The lines below, from the one holding "V2X protocol (CAM/DENM)." through the one holding "3-Drawer Nightstand Storage Wood Cabinet", are to be restated word for word, with all images left out.

- Data supplied
Segment Open

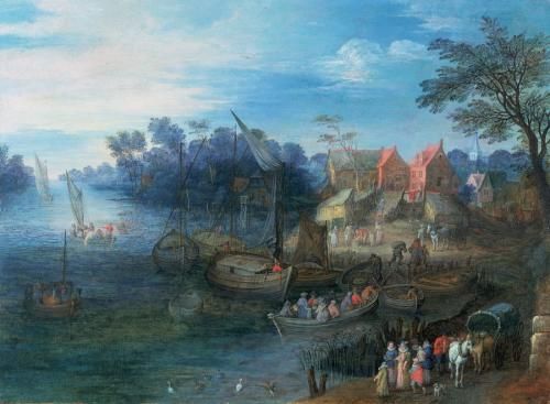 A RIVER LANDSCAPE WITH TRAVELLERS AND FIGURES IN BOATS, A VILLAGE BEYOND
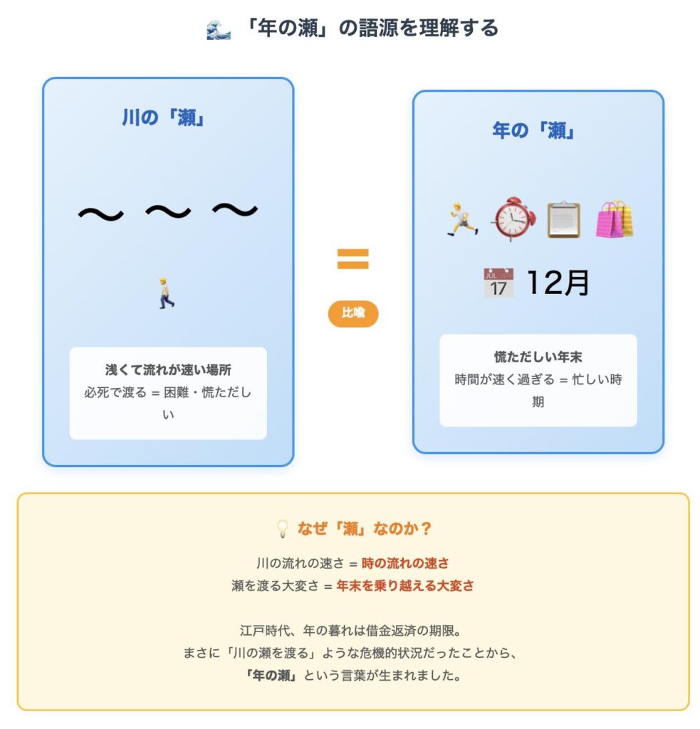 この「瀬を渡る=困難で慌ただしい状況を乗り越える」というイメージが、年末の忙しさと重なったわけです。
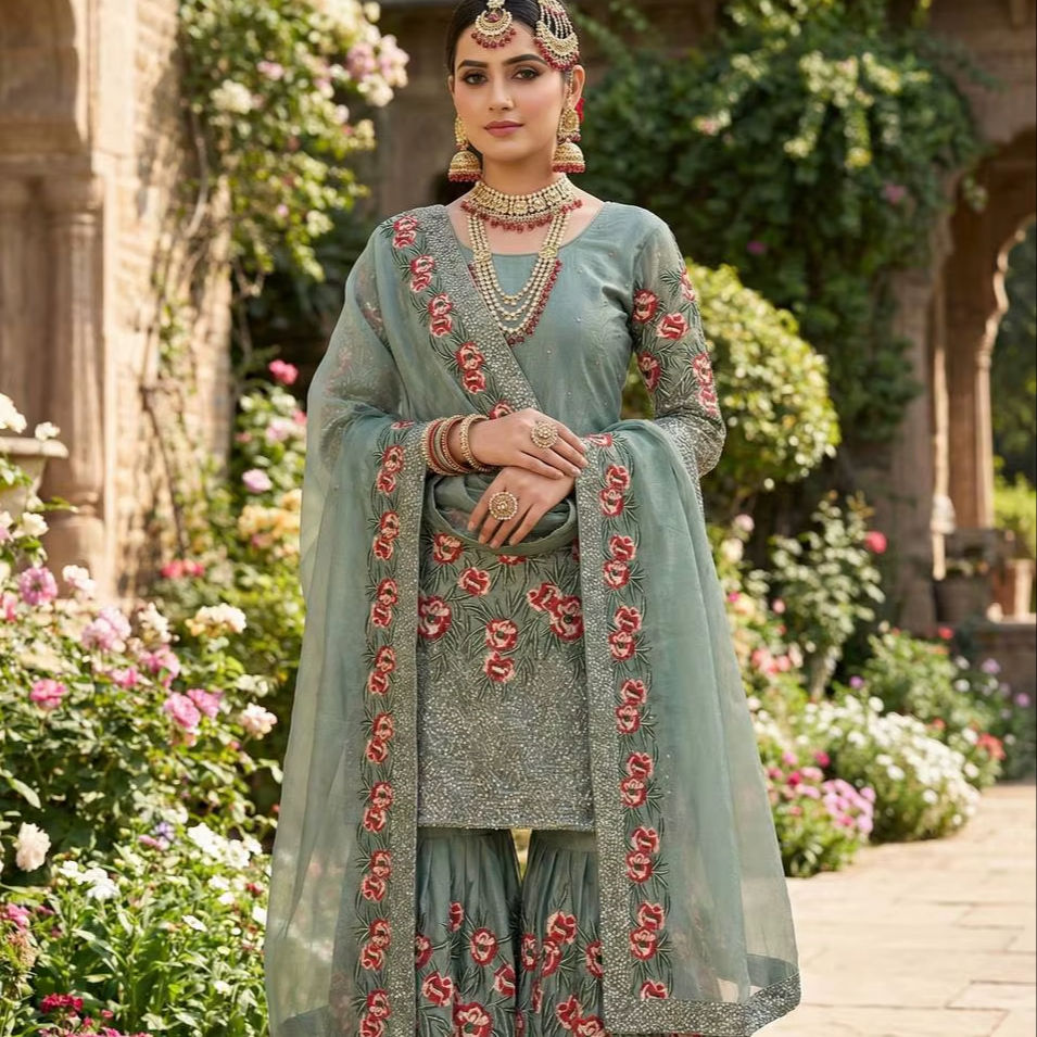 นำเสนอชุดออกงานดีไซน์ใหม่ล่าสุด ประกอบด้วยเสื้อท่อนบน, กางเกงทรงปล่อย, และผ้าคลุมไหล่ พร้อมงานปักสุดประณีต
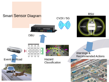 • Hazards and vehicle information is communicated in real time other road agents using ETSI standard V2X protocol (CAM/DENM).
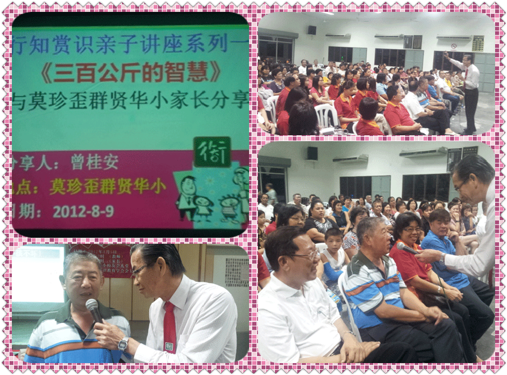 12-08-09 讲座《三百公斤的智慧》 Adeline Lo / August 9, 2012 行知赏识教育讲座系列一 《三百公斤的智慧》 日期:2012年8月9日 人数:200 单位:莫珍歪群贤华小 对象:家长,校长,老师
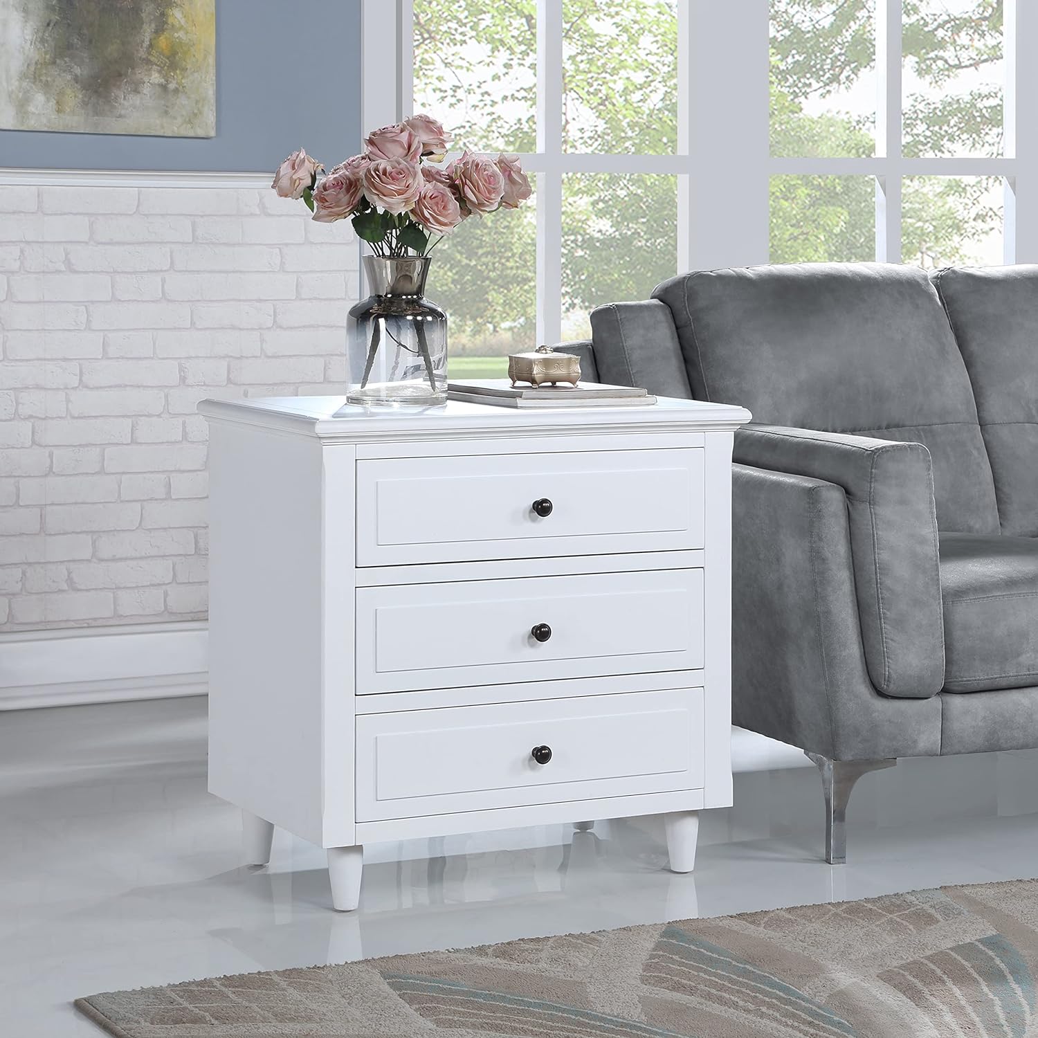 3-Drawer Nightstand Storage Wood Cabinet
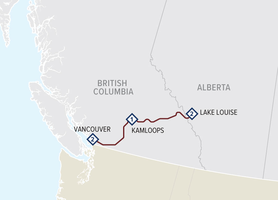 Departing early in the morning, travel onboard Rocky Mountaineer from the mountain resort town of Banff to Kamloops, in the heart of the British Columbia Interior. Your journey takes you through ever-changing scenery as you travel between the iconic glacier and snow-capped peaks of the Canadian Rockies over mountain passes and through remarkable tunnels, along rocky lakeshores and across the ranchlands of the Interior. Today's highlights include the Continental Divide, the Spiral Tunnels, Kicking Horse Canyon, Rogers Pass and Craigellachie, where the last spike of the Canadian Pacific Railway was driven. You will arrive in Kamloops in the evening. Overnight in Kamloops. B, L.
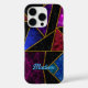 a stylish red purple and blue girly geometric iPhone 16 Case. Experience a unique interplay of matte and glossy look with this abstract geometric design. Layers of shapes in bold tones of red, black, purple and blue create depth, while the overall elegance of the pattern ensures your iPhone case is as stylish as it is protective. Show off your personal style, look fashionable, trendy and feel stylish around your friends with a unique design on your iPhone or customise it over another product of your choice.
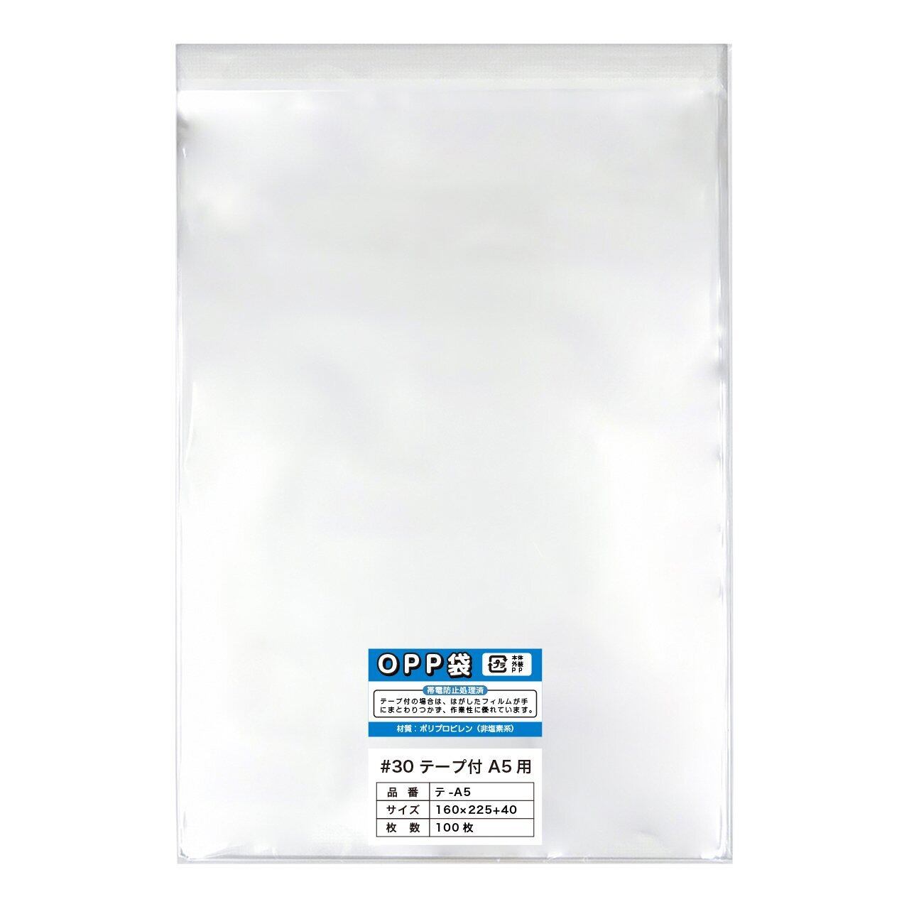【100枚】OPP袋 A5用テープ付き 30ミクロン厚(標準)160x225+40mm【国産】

Segment Closed

- Answer to the exercise
 • Hazards and vehicle information is communicated in real time other road agents using ETSI standard V2X protocol (CAM/DENM).
 12-08-09 讲座《三百公斤的智慧》 Adeline Lo / August 9, 2012 行知赏识教育讲座系列一 《三百公斤的智慧》 日期:2012年8月9日 人数:200 单位:莫珍歪群贤华小 对象:家长,校长,老师
 3-Drawer Nightstand Storage Wood Cabinet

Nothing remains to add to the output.